## WHAT TO WORK ON:
Would you please return only the lines from the one with "Dog clock, made" through the last line of the records below, leaving the pictures out?

(INFORMATION GIVEN begins)

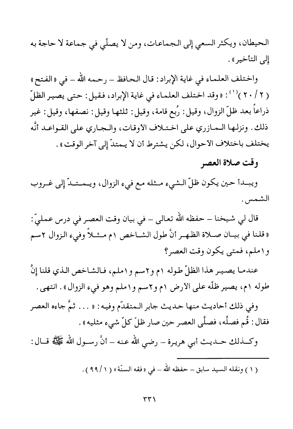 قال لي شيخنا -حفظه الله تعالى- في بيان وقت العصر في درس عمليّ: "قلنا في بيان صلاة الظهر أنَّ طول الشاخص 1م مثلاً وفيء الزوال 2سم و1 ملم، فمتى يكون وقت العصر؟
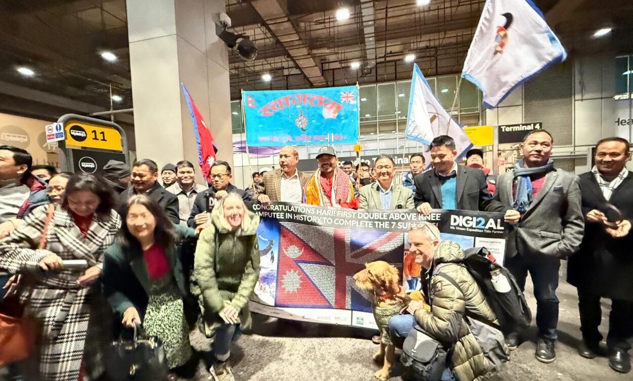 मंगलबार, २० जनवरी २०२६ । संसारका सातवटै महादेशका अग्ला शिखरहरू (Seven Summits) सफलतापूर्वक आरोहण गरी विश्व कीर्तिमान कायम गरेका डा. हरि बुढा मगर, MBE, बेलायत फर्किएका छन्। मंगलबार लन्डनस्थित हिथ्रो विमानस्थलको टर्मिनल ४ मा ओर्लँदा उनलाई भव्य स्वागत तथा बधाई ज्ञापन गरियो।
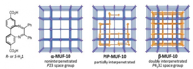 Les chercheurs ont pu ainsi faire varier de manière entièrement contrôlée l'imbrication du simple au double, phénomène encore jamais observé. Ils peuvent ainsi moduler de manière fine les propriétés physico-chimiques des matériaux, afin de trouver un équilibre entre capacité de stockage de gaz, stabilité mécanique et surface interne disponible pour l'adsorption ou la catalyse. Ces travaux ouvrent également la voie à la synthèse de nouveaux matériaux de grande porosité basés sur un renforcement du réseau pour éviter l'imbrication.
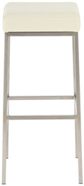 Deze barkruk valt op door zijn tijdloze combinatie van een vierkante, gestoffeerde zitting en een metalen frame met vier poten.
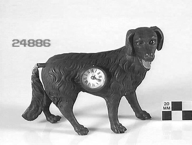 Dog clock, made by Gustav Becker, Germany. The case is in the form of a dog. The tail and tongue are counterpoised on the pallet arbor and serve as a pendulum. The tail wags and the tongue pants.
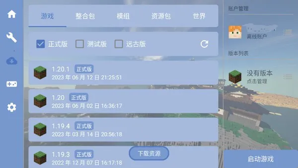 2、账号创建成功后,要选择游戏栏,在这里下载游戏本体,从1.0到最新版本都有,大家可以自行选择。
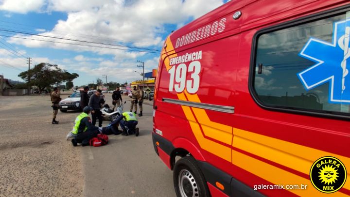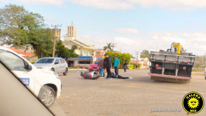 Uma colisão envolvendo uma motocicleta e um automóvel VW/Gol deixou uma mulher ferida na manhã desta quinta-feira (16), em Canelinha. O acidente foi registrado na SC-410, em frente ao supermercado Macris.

(INFORMATION GIVEN ends)

## ANSWER TO THIS PROBLEM:
 Dog clock, made by Gustav Becker, Germany. The case is in the form of a dog. The tail and tongue are counterpoised on the pallet arbor and serve as a pendulum. The tail wags and the tongue pants.
 2、账号创建成功后,要选择游戏栏,在这里下载游戏本体,从1.0到最新版本都有,大家可以自行选择。
 Uma colisão envolvendo uma motocicleta e um automóvel VW/Gol deixou uma mulher ferida na manhã desta quinta-feira (16), em Canelinha. O acidente foi registrado na SC-410, em frente ao supermercado Macris.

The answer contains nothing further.